Hello, I remembered something that happened to me about a year ago around the middle of Fall. It was basketball season, everybody in the school was excited because it meant going to games and showing school pride. However for me, it meant I got to play
in the band during the short intermission between varsity and junior varsity games. I was not particularly excited for it but I could talk to all of my friends, who were also in the band, outside of a formal setting. Even if I had to go to the games at seven
in the afternoon and walk home at eleven, I still had fun.
This was the third game and after we were done playing our line of songs, everybody went back to the band room and ate the pizza that our director ordered for us (since there were usually only ten of us who signed up to come). After I was done, I put my
sousaphone back in the case in the auditorium and was on my way out when a girl approached me. I couldn't remember her name until I looked closely at her face as she began to talk to me. Her name was Cheyenne and the only thing she said was "Hey, wanna go
hang out?" She was a senior at our High School that year and extremely beautiful. Her long blonde hair, deep blue eyes, and slender figure gave her the extravagance of a Greek goddess. Naturally, I wondered why she wanted to hang out with me, even if I occasionally
talked to her after band and we got along with each other. Despite this I oblige and we walk to her car.
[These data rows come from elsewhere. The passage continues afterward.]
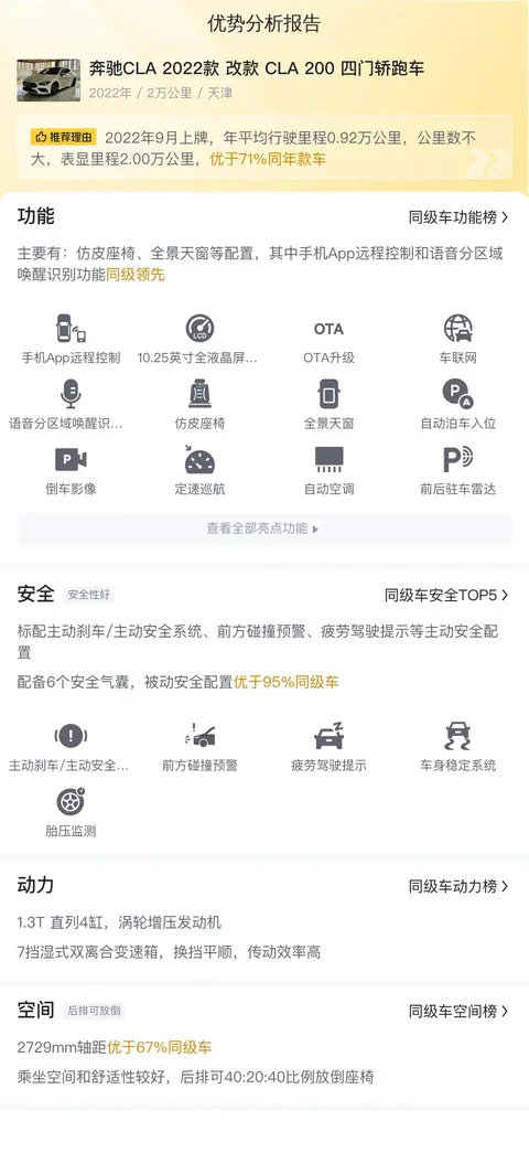 整车的配置还是很丰富的,这款奔驰CLA 2022款 改款 CLA 200 四门轿跑车配备了全景天窗、OTA升级、前排座椅电动调节、双区自动空调等配置。安全配置上,标配主动刹车/主动安全系统、前方碰撞预警、疲劳驾驶提示等主动安全配置,配备8个安全气囊,被动安全配置优于96%同级车。
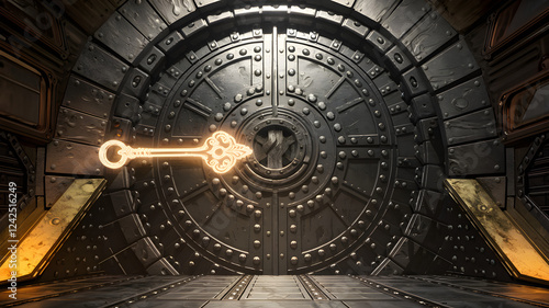 Obraz premium A glowing key unlocking a massive steel door.
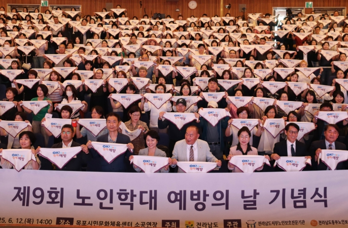 [무한뉴스=정민정 기자] 전라남도는 12일 목포시민문화체육센터서 노인 학대에 대한 사회적 관심을 높이고 노인 인권을 보호하기 위한 ‘제9회 노인학대 예방의 날’ 기념식을 개최했다.
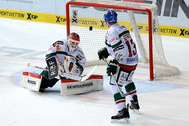 Pech hatte der AEV zudem noch, als Ivan Ciernik einen Schuss von Tölzer gefährlich abfälschte, aber der Puck hauchdünn neben das Tor ging (6.). Die Gäste waren in der Anfangsphase vor allem darum bemüht, gut in der Defensive zu stehen, hatten aber nach einem Schuss von Derek Dinger und dem anschließenden Getümmel vor dem Tor ebenfalls eine gute Möglichkeit (8.).
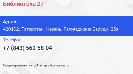 Библиотека №27 по адресу 420102, Татарстан, Казань, Галимджана Баруди, 25а в дальнейшем Организация, размещена в следующих категориях:
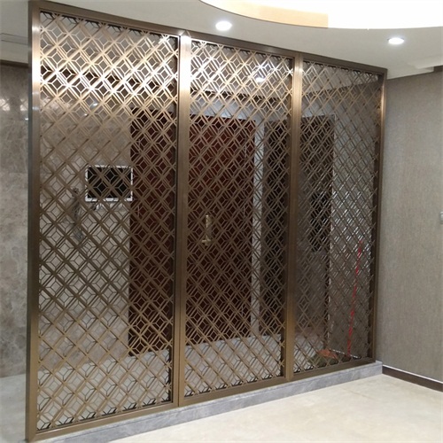 拉丝亚光香槟金抗指纹不锈钢花格屏风隔断厂家
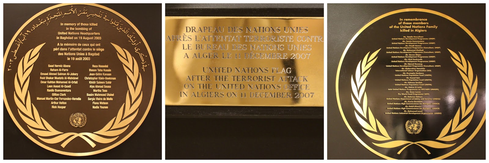 Baghdad and Algiers offices were both attacked by terrorists. Many lives were lost. The flag is what remained of the UN flag after one of the attacks.
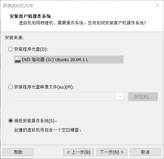 选择“稍后安装操作系统”,进行下一步,选择客户机操作系统:
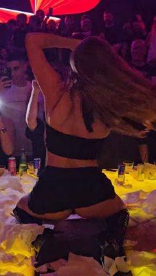 Събитието бързо се превърна в истинска сцена от Содом и Гомор. Киара направо блесна, като в един момент направи шпагат на сцената, демонстрирайки своето голо дупе. Мъжете в клуба не можеха да откъснат поглед от нея, а самата тя се забавляваше без задръжки!
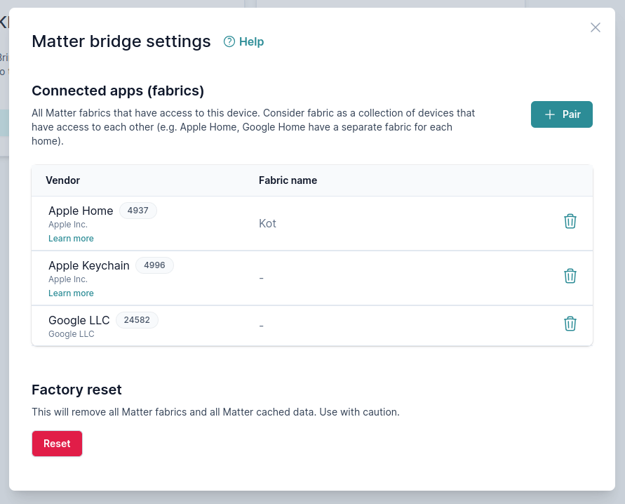 Se si seleziona quest'ultima opzione, la connessione a tutte le app Matter andrà persa e dovrà essere riconfigurata.
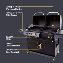 A Father's Day gift from my wife, and out of all the Gas/Charcoal Grills I've had, this one tops them all. Using both sides simultaneously, I bake potatoes on the gas side and grill steaks on the charcoal side. It's also excellent for smoking. I'm on the lookout for a compatible rotisserie.
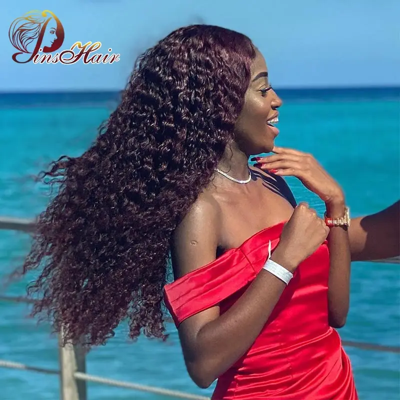 Бразильские вплетаемые волосы 3 пряди с закрытием темно-красные волнистые пряди с закрытием красный 99J Pinshair 100 Пряди человеческих волос человеческие волосы Remy для наращивания комплект
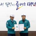 임직원 이동편의 높이는 교통복지 협약 노선 홍보·의견 수렴 통해 이용환경 개선. (사진 왼쪽부터) 장재홍 KT&G 대전공장장과 최충규 대덕구청장이 11일 구청 구민의...
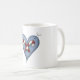 enjoy your favorite winter beverage in this primitive blue heart mug showcasing a cozy candy cane illustration. the rustic folk art aesthetic makes this a perfect companion for hot cocoa or coffee during the christmas season. this durable ceramic mug is a wonderful gift for fans of country home decor and those who appreciate a shabby chic touch in their holiday kitchenware.
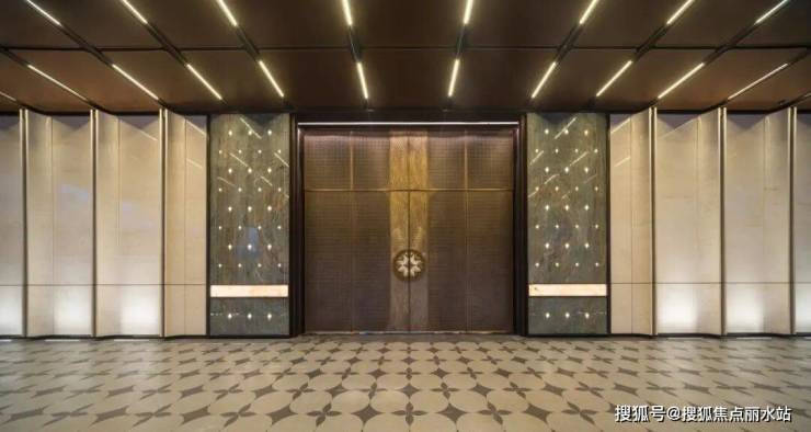 从一层乘梯至负一,电梯厅墙面用维纳多米黄石材雕刻天曜星芒,温润质感尽显精致;天花融入八芒同辉标识与开元寺钟楼灵感,搭配雪山银狐透光奢石,光线洒落如星光;地面水磨石嵌入天曜 logo,与天花呼应,踏出电梯即享世家仪式感。

The first thing she said when we got in was: "I'm going to take you somewhere very special to me." Without anything to say with the combination of curiosity and confusion I reply with a simple "Okay." Cheyenne starts driving towards the Junior High School
and stops in the parking lot by the town-owned park in front of my house. We got out and she motioned for me to sit on the swing next to her. I asked her why this was the very special place and we sat for a few minutes in the silent, cold, darkness. "Do you
remember when I first met you?" I looked at her with a stare that wondered why she would ask that. "You were in the sixth grade and I was in the seventh. It was your third year in this district and you didn't have many friends." All I could say was: "Yeah,
I had a hard time fitting in."
"You played football with my boyfriend that year and one day before a game we were playing here with some friends." Still wondering what she was getting at, I looked at her with confusion. "You were taking a walk through the park and some of the kids started
yelling at you. They were yelling terrible things and of all people, I didn't expect my boyfriend to join them." When I finally remembered I said: "Oh, I think I can remember the day you are talking about now. I just kept walking because that kind of thing
happened all the time." She nodded and continued, "The part you don't know is that I broke up with my boyfriend at that moment and when I ran up to talk to you I heard you crying. I thought it was better for me to just leave you alone so I went home. That,
is why this place is special to me. It is a perminate reminder that all people are not generally good hearted."
A minute passed and she took a cigarette out of her pocket and began to smoke it. "I was not always like that though, I used to pick on kids all the time. So I guess this is my way of getting retribution for all those years." I was amazed that she had
decided to tell me this but I still listened on. "If you plan on playing low brass and woodwind instruments, don't smoke. I can feel it when I play Barry White (her baritone saxophone that I helped her name). I can't take as deep breaths or play as long without
getting winded as I could a year ago. Logan, for being the example that I needed in order for me to understand that bullying is wrong, I want to be the example for you to under stand that you shouldn't smoke. Of course, that's not the reason I started smoking
in the first place. But I want something productive to some out of this."
I told her that I would never forget it, and so far I haven't. I can remember it as vividly as if it happened yesterday. Cheyenne is currently studying at a nearby college and I have not seen her in six months. I don't know why I was thinking about this,
maybe it is because my English teacher has been talking about transcendentalism a lot and perhaps this memory is one of the things that make me an individual. Whatever the reason, I am just glad that I can say for certain that I haven't forgotten.